___ RECORDS TO USE ___

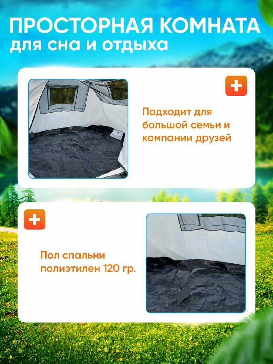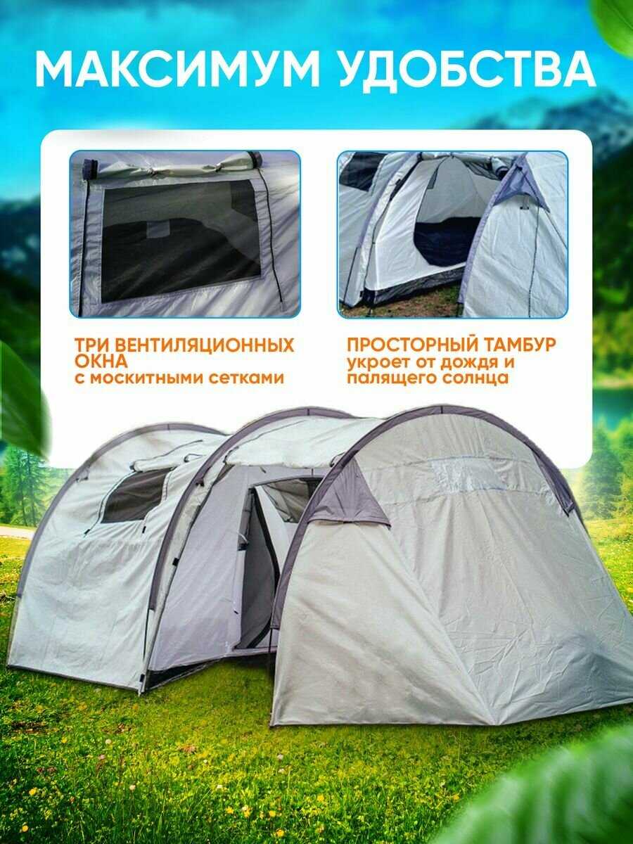 Стандартная комплектация содержит кармашек для мелочей и кольцо для подвешивания фонаря, что повышает удобство использования. Верхний тент защищает механизм раскладывания от прямого попадания осадков. Система двух входов обеспечивает сквозное проветривание в жаркую погоду. Однако наличие этих элементов зависит от конкретной поставки и может отличаться. -
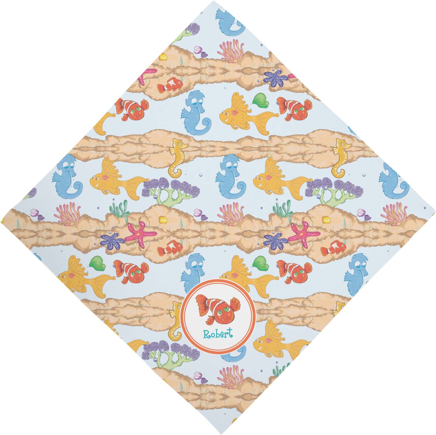 This beautiful pet bandana really is the perfect accessory. It is made from a silky feeling polyester and measures at approximately 23" x 23". Your personalization will be printed on a diagonal, so that you are able to read the personalization when folded into a triangle. This bandana fits best on large dogs, but can be folded smaller if there is no personalized text to fit smaller pets.
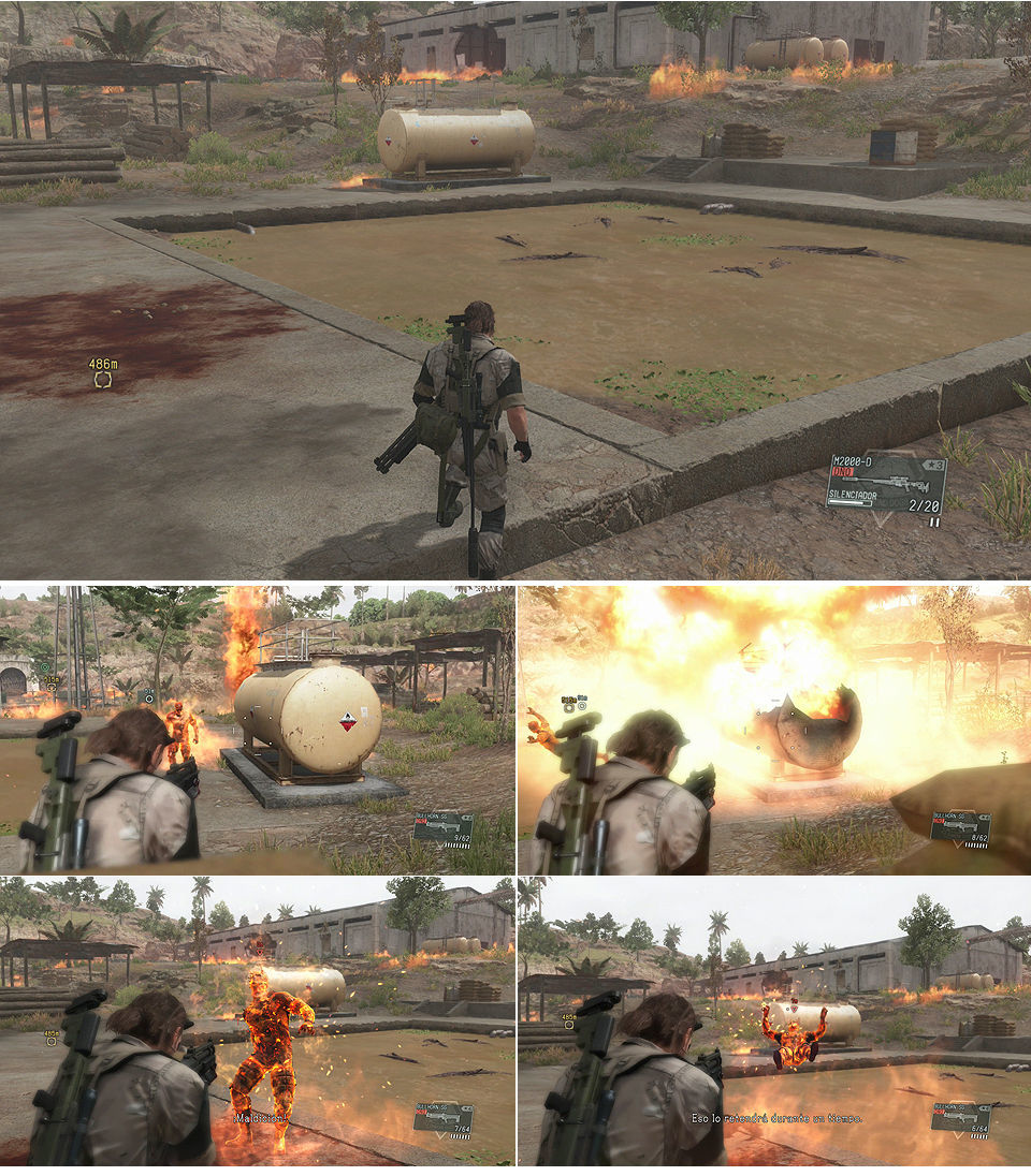 Otra manera de tirarle es usar el depósito que hay cerca de la piscina, para que la explosión le tire a la piscina, usando C-4 o algún arma para hacerlo estallar.
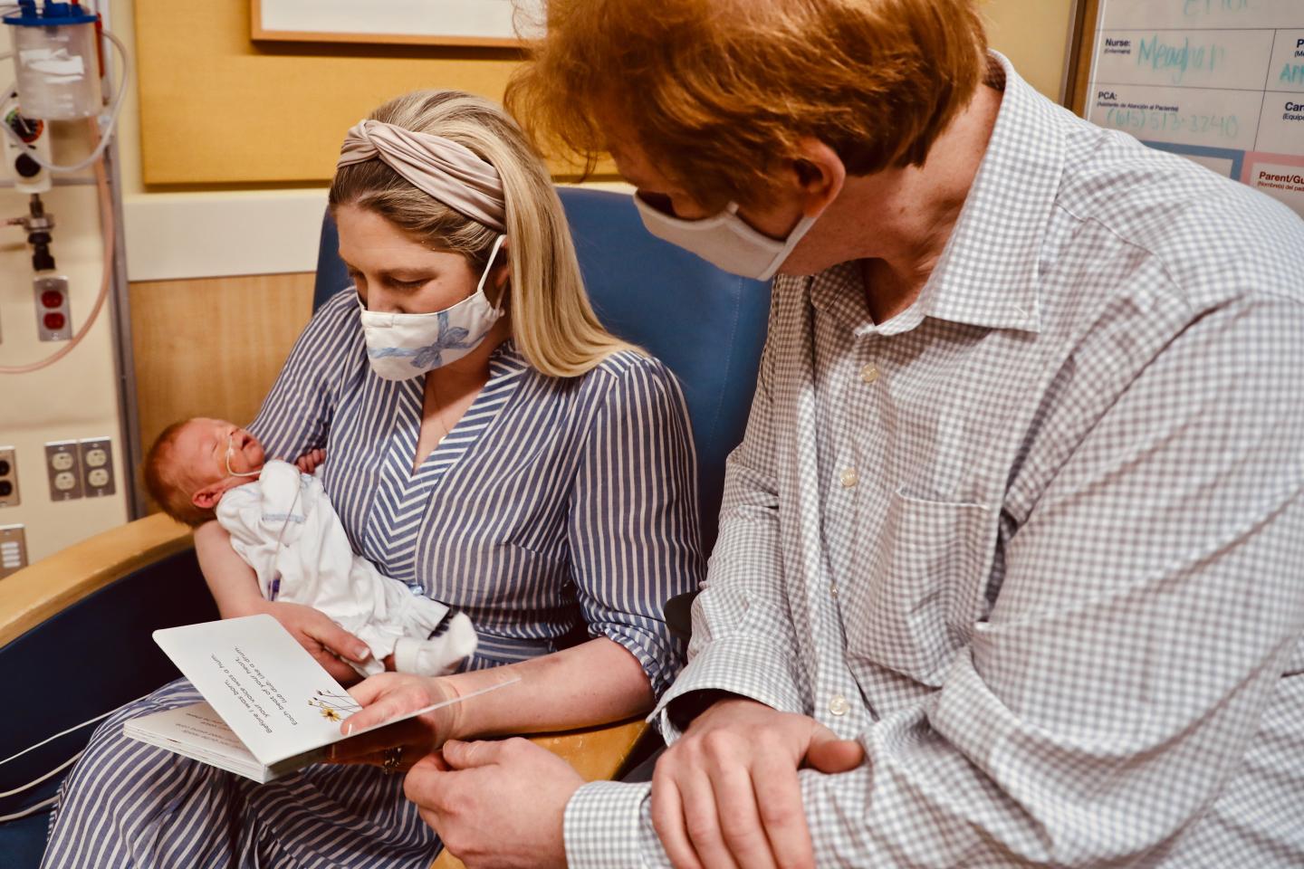 image: Enoch's parents, David and Mackenzie, enjoy reading to him while he recovers in the NICU at Cincinnati Children's.
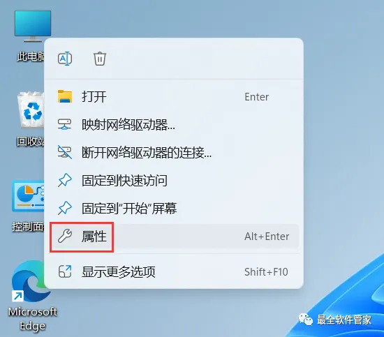 11、回到桌面,右键【此电脑图标】,点击【属性】

___

EXERCISE –
Repeat the entries above exactly and skip the images.

YOUR SOLUTION –
 Стандартная комплектация содержит кармашек для мелочей и кольцо для подвешивания фонаря, что повышает удобство использования. Верхний тент защищает механизм раскладывания от прямого попадания осадков. Система двух входов обеспечивает сквозное проветривание в жаркую погоду. Однако наличие этих элементов зависит от конкретной поставки и может отличаться. -
 This beautiful pet bandana really is the perfect accessory. It is made from a silky feeling polyester and measures at approximately 23" x 23". Your personalization will be printed on a diagonal, so that you are able to read the personalization when folded into a triangle. This bandana fits best on large dogs, but can be folded smaller if there is no personalized text to fit smaller pets.
 Otra manera de tirarle es usar el depósito que hay cerca de la piscina, para que la explosión le tire a la piscina, usando C-4 o algún arma para hacerlo estallar.
 image: Enoch's parents, David and Mackenzie, enjoy reading to him while he recovers in the NICU at Cincinnati Children's.
 11、回到桌面,右键【此电脑图标】,点击【属性】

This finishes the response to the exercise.